> Dataset excerpts:
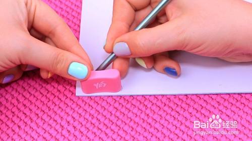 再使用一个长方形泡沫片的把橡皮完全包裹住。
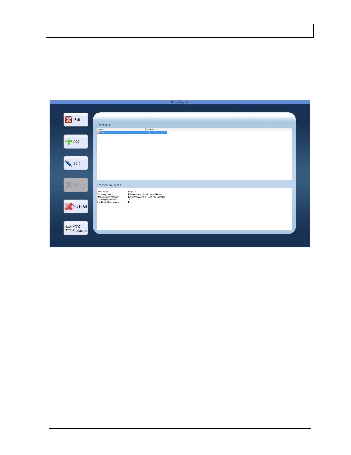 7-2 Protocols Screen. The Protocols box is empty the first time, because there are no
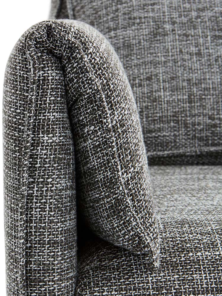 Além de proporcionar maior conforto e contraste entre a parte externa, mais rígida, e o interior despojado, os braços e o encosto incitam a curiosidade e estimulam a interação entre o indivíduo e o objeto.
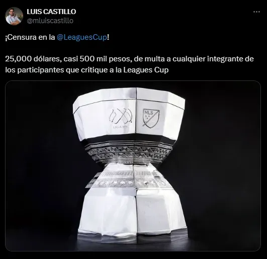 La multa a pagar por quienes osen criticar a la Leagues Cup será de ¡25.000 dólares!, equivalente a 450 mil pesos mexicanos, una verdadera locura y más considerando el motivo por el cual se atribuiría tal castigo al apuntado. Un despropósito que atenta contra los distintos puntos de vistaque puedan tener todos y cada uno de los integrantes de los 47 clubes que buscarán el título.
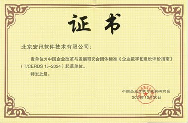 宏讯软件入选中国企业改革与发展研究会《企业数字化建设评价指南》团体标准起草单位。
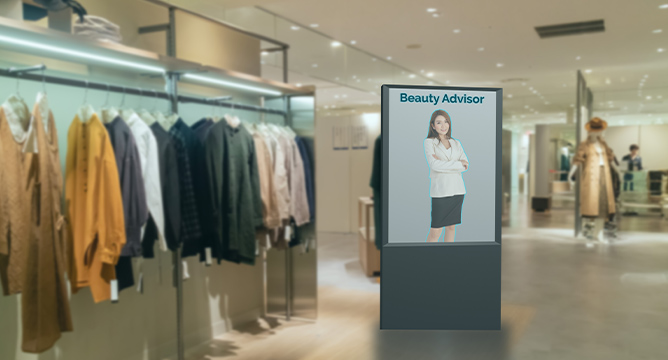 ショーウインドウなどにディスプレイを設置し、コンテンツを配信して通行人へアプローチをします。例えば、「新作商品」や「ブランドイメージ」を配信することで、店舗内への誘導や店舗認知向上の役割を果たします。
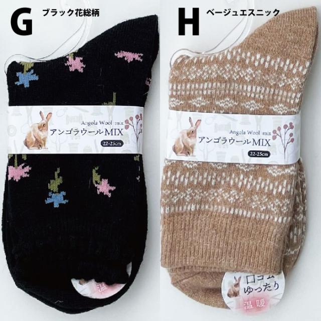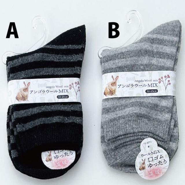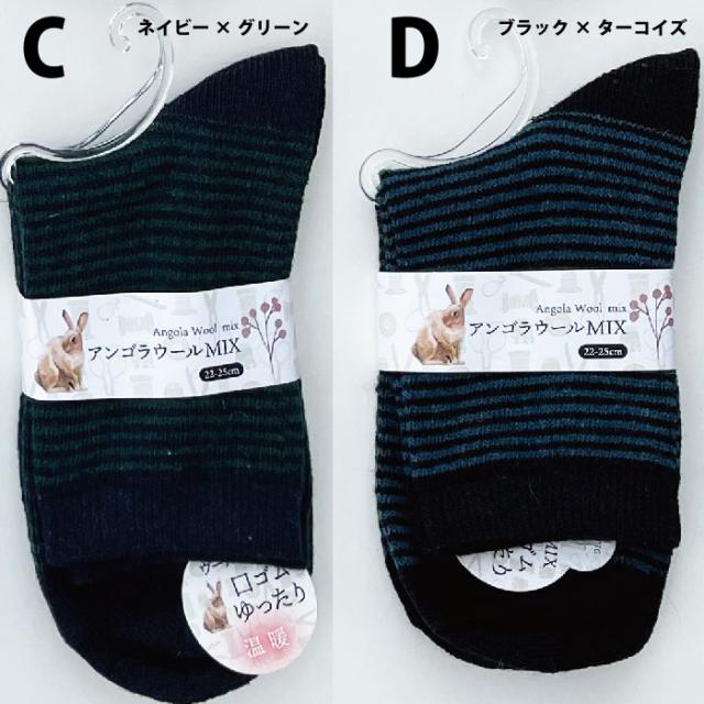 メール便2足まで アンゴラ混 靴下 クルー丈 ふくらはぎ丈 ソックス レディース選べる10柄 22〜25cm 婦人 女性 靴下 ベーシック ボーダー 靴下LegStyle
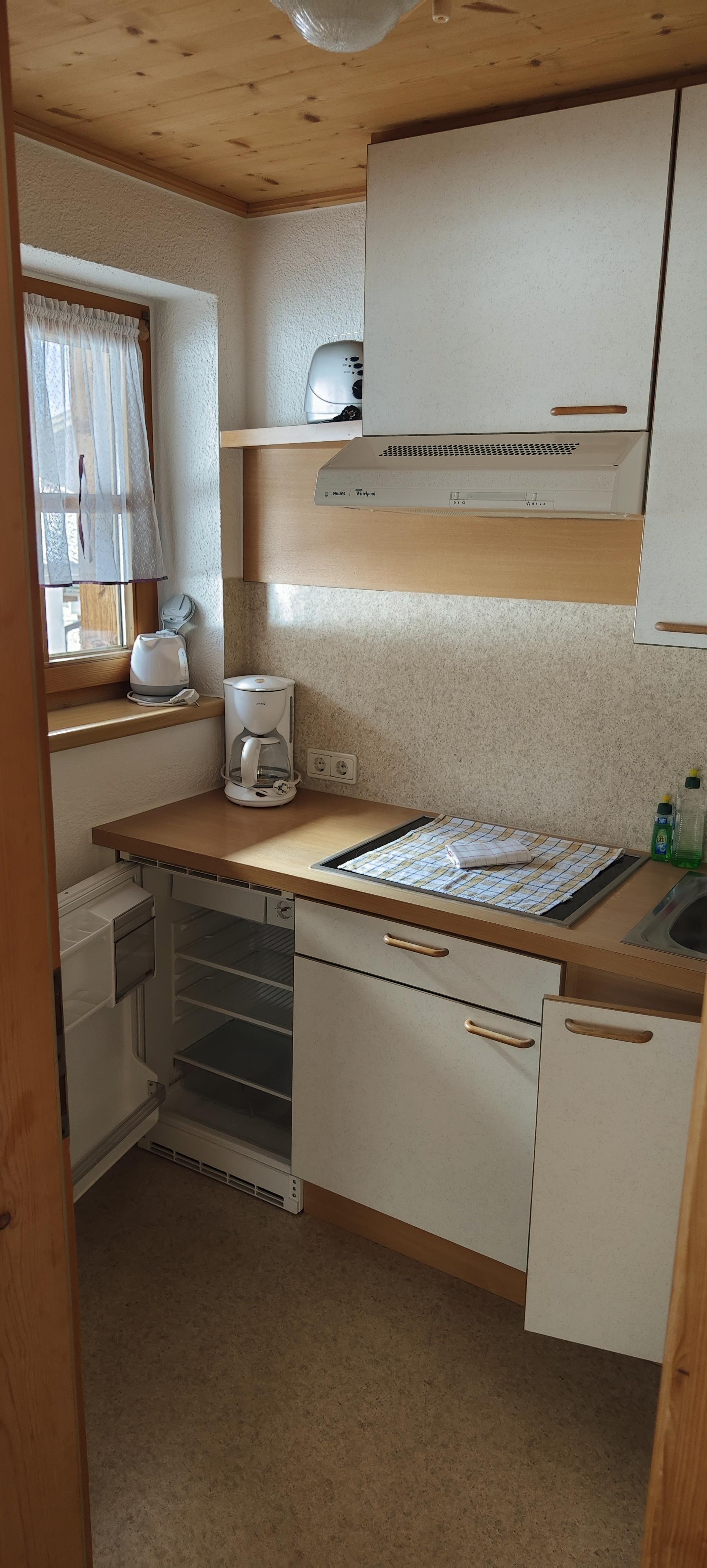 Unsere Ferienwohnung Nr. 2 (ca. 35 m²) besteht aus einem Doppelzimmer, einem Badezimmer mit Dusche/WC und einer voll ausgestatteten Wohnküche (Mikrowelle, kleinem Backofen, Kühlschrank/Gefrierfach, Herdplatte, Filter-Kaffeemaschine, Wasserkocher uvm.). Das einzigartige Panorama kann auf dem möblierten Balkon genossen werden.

> What the task asks: An exact copy of the lines from the one with "宏讯软件入选中国企业改革与发" through the end of the records: produce that and nothing more, leaving out the pictures.

> Task answer:
 宏讯软件入选中国企业改革与发展研究会《企业数字化建设评价指南》团体标准起草单位。
 ショーウインドウなどにディスプレイを設置し、コンテンツを配信して通行人へアプローチをします。例えば、「新作商品」や「ブランドイメージ」を配信することで、店舗内への誘導や店舗認知向上の役割を果たします。
 メール便2足まで アンゴラ混 靴下 クルー丈 ふくらはぎ丈 ソックス レディース選べる10柄 22〜25cm 婦人 女性 靴下 ベーシック ボーダー 靴下LegStyle
 Unsere Ferienwohnung Nr. 2 (ca. 35 m²) besteht aus einem Doppelzimmer, einem Badezimmer mit Dusche/WC und einer voll ausgestatteten Wohnküche (Mikrowelle, kleinem Backofen, Kühlschrank/Gefrierfach, Herdplatte, Filter-Kaffeemaschine, Wasserkocher uvm.). Das einzigartige Panorama kann auf dem möblierten Balkon genossen werden.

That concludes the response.